Stadion Polonii Piła
- Location: Bydgoska 76, 64-920 Piła, Poland
- Coordinates: 53°09′20″N 16°45′11″E﻿ / ﻿53.15556°N 16.75306°E
- Capacity: 12,000
- Length: 0.3488 km

= Polonia Piła Stadium =

Speedway stadium in Piła, Poland

The Polonia Piła Stadium (Stadion Polonii Piła) also known as Municipal Sports and Recreation Centre (Miejski Ośrodek Sportu i Rekreacji (MOSiR)) is a 12,000-capacity motorcycle speedway and association football stadium in Piła, Poland.

The venue is used by the speedway team Polonia Piła, who compete in the Team Speedway Polish Championship.

==History==
The stadium was built in 1927 and 1928 and was called the Erika-Sportplatz.
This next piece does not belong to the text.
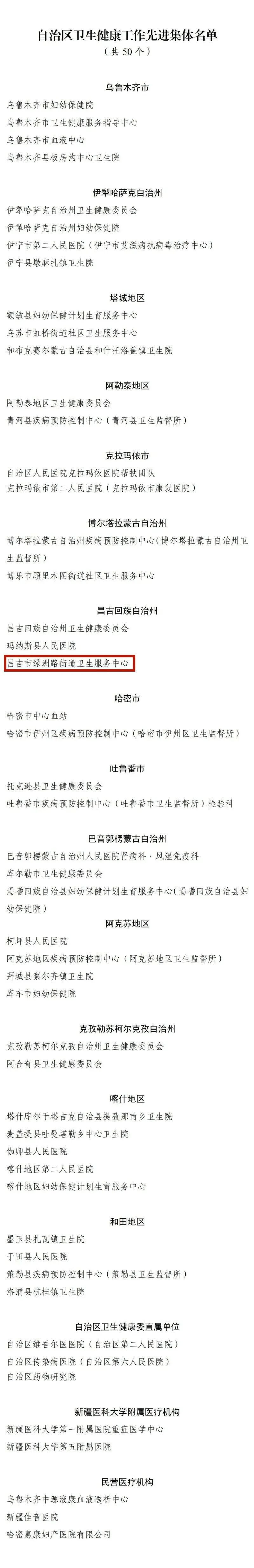 10月22日,记者从自治区卫生健康委获悉,为发挥先进典型示范引领作用,激励全区卫生健康系统广大干部职工奋发有为,经自治区党委和政府批准,决定授予乌鲁木齐市妇幼保健院等50个单位“自治区卫生健康工作先进集体”称号,授予孙高峰等100名同志“自治区卫生健康工作先进个人”称号。
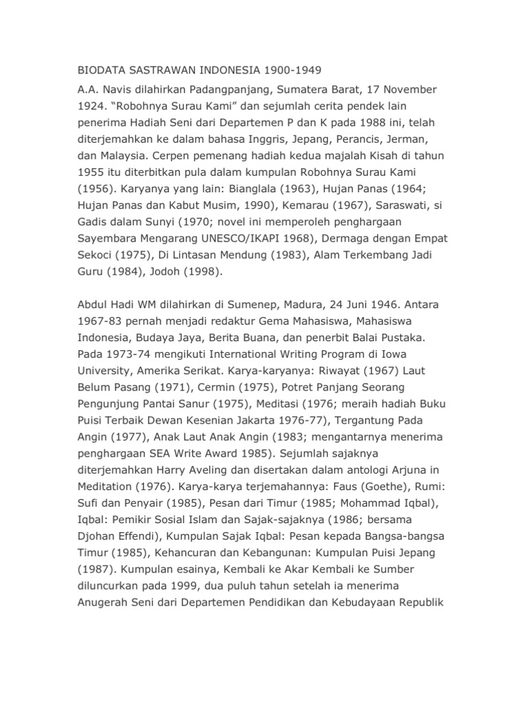Teks Biografi Tokoh Sastra Indonesia | Mikirbae.com

In 1956, the Polonia Piła speedway team moved to the stadium and remained there from 1956 until 1967. Only sporadic speedway meetings were held afterwards and then ceased altogether.

It was not until 1990 that work began on rebuilding the speedway track and in 1992 Polonia Piła returned for the 1992 Polish speedway season. At the same time the east stand underwent renovation.

In 1997, the venue hosted the 1997 Speedway World Team Cup final and the following year hosted the final of the 1998 Speedway Under-21 World Championship.

In 2021, it was announced with the help of government funding that a PLN 16.65 million renovation project would begin in 2022.